**AIM OF THE EXERCISE:**
The entries below are to be returned as written, with all pictures dropped.

[Stored items from a collection]
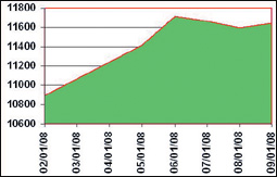 رغم خسارة المؤشر الأسبوع الماضي لحوالي 522 نقطة، ورغم حالة التشاؤم التي أغلق عليها السوق، إلا أن السوق تمكن من تعويض كافة خسائره في الأسبوع الماضي، ولامس قمة جديدة بلغت 11794 نقطة، لكن لم يتمكن من الصمود عندها كثيراً، فأغلق عند 11643 نقطة. والأمر الإيجابي والمتميز هذا الأسبوع هو أنه أتى بعد فترة صعود ليست بالقصيرة. كما أن هذا الأسبوع شهد صعوداً قوياً يومي السبت والأحد تلاه هبوط طفيف يومي الاثنين والثلاثاء. ولما كان هذا الأسبوع لم يشهد تغيراً هاماً سوى الإعلان عن طرح زين والإنماء، فإننا ننضم إلى من يعتقدون بأنه قد يكون قد حدث نوع من تسرب أو توقع البعض حول هذه الاكتتابات قبل الإفصاح عنها رسمياً، ومن ثم يمكن تفسير الصعود القوي في بداية الأسبوع، ثم الركود في منتصفه. باختصار ربح المؤشر هذا الأسبوع نحو 6.9%، ليمثل أسبوع ربحي جديد.
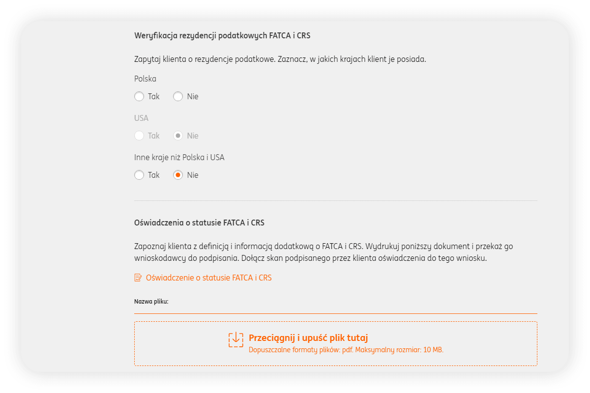 - pobierz i wypełnij z klientem Oświadczenie FATCA/CRS,
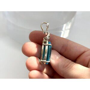 Blue Topaz Gemstone Art Deco Sterling Silver Vintage 925 Statement Pendant
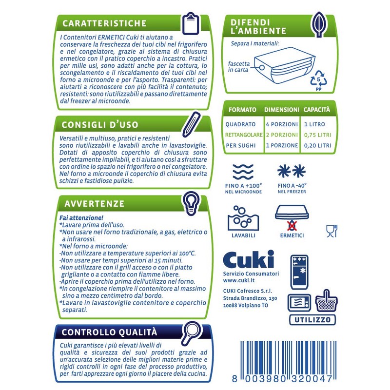 - Die luftdichten Behälter von Cuki erfüllen Ihre praktischen Bedürfnisse. Dank des luftdichten Verschlusses sind sie ideal für die Frischhaltung Ihrer Speisen im Kühlschrank und Gefrierschrank.
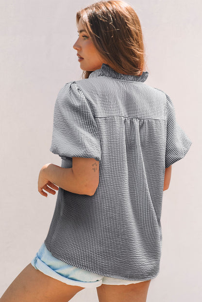 The short bubble sleeves makes this summer shirt with ultra feminine charm.
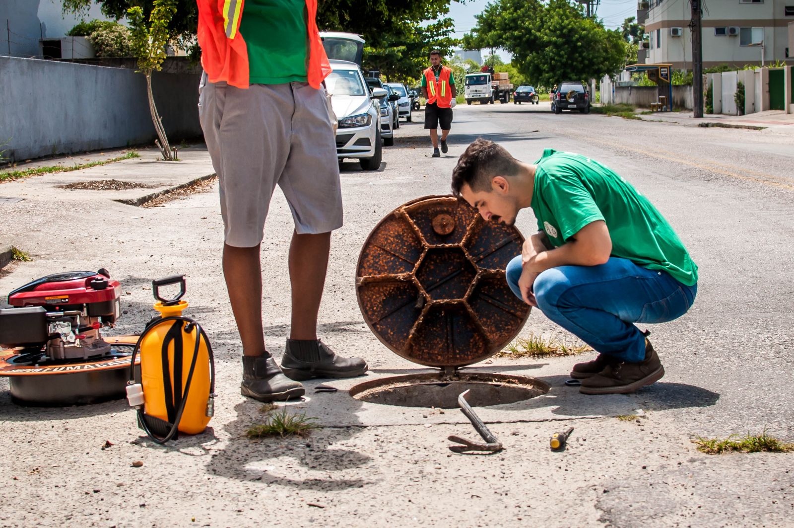Um prédio de oito apartamentos foi flagrado pela equipe com o extravasor de fossa conectado à rede de drenagem pluvial. Dois lacres – medida que interrompe na hora o fluxo irregular e força a regularização – foram efetuados no local.
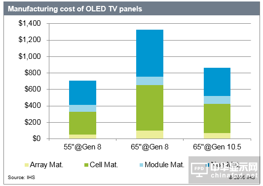 65英寸面板的高昂制造成本很可能是过低的玻璃基板效率所致。在8代线,基板利用效率仅有64%,而55英寸面板则可达到92%。目前8代OLED产线的玻璃基板尺寸并不适合生产65英寸面板。一片玻璃基板可以生产六片55英寸面板,但只能生产三片65英寸面板。两片55英寸面板的造价与一片65英寸的造价相当,这就是65英寸面板成本价格几乎超过55英寸面板两倍的主要原因。
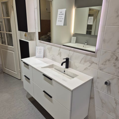 alakaapisto vaalea puusyy mikrolaminaatti ovet leveys 600 mm ja syvyys 360, peilikaappi valaisimella leveys 600 mm ja korkeus 704 mm + valaisin, Damixa hana bideellä sekä posliiniallas.
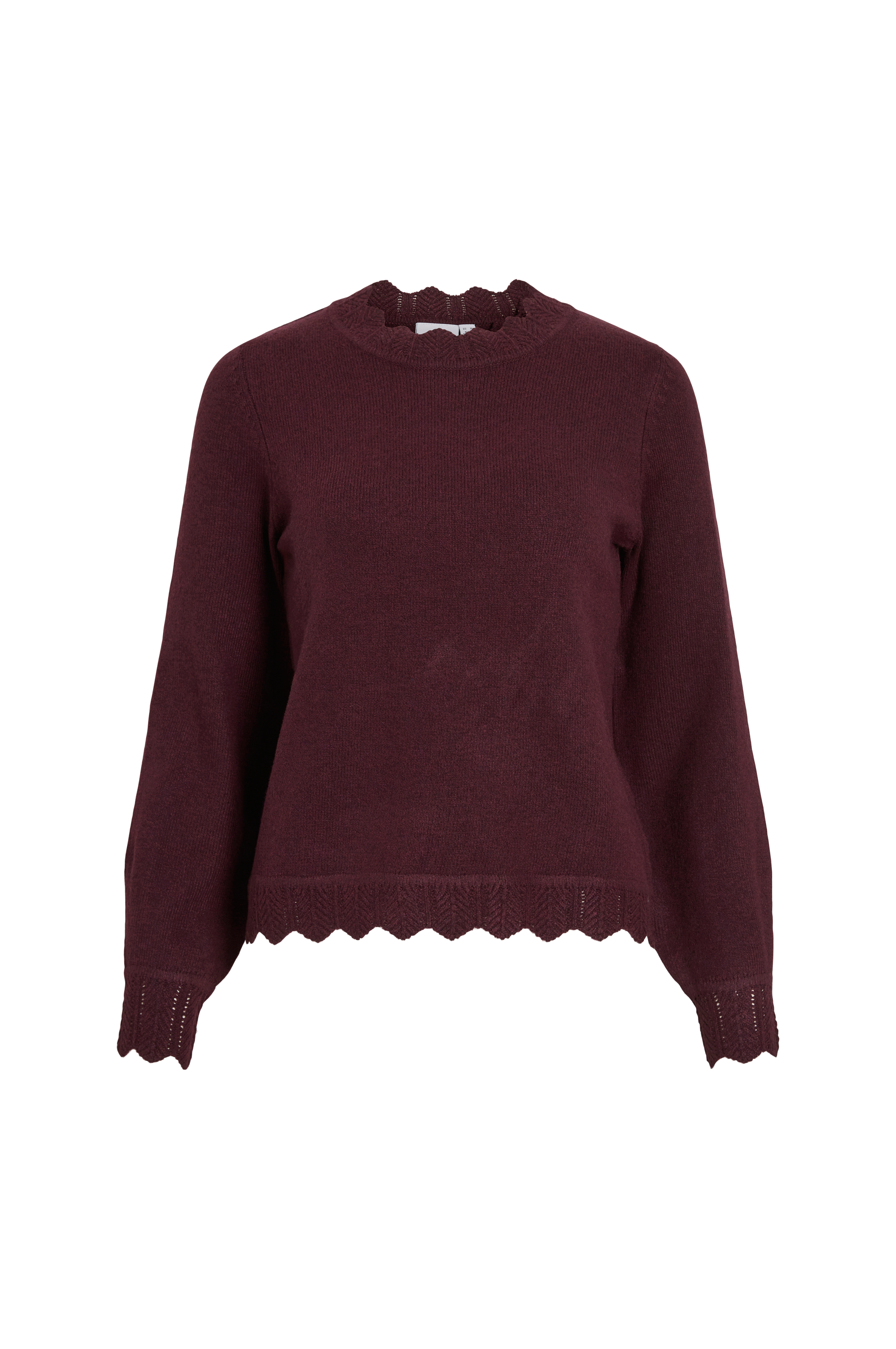 • Finstrikket pullover med lange ermer og krage• Mønsterstrikkede, bølgede kanter rundt halsen, i ermeslutten og på bunnen
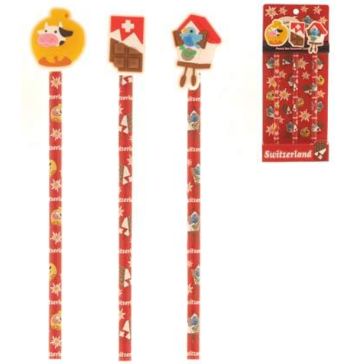PENCIL - SWITZERLAND COW+CHOCO+CUCKOO - RED SET OF 3 - 72-1622

**RESPONSE TO THIS TASK:**
 رغم خسارة المؤشر الأسبوع الماضي لحوالي 522 نقطة، ورغم حالة التشاؤم التي أغلق عليها السوق، إلا أن السوق تمكن من تعويض كافة خسائره في الأسبوع الماضي، ولامس قمة جديدة بلغت 11794 نقطة، لكن لم يتمكن من الصمود عندها كثيراً، فأغلق عند 11643 نقطة. والأمر الإيجابي والمتميز هذا الأسبوع هو أنه أتى بعد فترة صعود ليست بالقصيرة. كما أن هذا الأسبوع شهد صعوداً قوياً يومي السبت والأحد تلاه هبوط طفيف يومي الاثنين والثلاثاء. ولما كان هذا الأسبوع لم يشهد تغيراً هاماً سوى الإعلان عن طرح زين والإنماء، فإننا ننضم إلى من يعتقدون بأنه قد يكون قد حدث نوع من تسرب أو توقع البعض حول هذه الاكتتابات قبل الإفصاح عنها رسمياً، ومن ثم يمكن تفسير الصعود القوي في بداية الأسبوع، ثم الركود في منتصفه. باختصار ربح المؤشر هذا الأسبوع نحو 6.9%، ليمثل أسبوع ربحي جديد.
 - pobierz i wypełnij z klientem Oświadczenie FATCA/CRS,
 Blue Topaz Gemstone Art Deco Sterling Silver Vintage 925 Statement Pendant
 - Die luftdichten Behälter von Cuki erfüllen Ihre praktischen Bedürfnisse. Dank des luftdichten Verschlusses sind sie ideal für die Frischhaltung Ihrer Speisen im Kühlschrank und Gefrierschrank.
 The short bubble sleeves makes this summer shirt with ultra feminine charm.
Um prédio de oito apartamentos foi flagrado pela equipe com o extravasor de fossa conectado à rede de drenagem pluvial. Dois lacres – medida que interrompe na hora o fluxo irregular e força a regularização – foram efetuados no local.
 65英寸面板的高昂制造成本很可能是过低的玻璃基板效率所致。在8代线,基板利用效率仅有64%,而55英寸面板则可达到92%。目前8代OLED产线的玻璃基板尺寸并不适合生产65英寸面板。一片玻璃基板可以生产六片55英寸面板,但只能生产三片65英寸面板。两片55英寸面板的造价与一片65英寸的造价相当,这就是65英寸面板成本价格几乎超过55英寸面板两倍的主要原因。
 alakaapisto vaalea puusyy mikrolaminaatti ovet leveys 600 mm ja syvyys 360, peilikaappi valaisimella leveys 600 mm ja korkeus 704 mm + valaisin, Damixa hana bideellä sekä posliiniallas.
 • Finstrikket pullover med lange ermer og krage• Mønsterstrikkede, bølgede kanter rundt halsen, i ermeslutten og på bunnen
PENCIL - SWITZERLAND COW+CHOCO+CUCKOO - RED SET OF 3 - 72-1622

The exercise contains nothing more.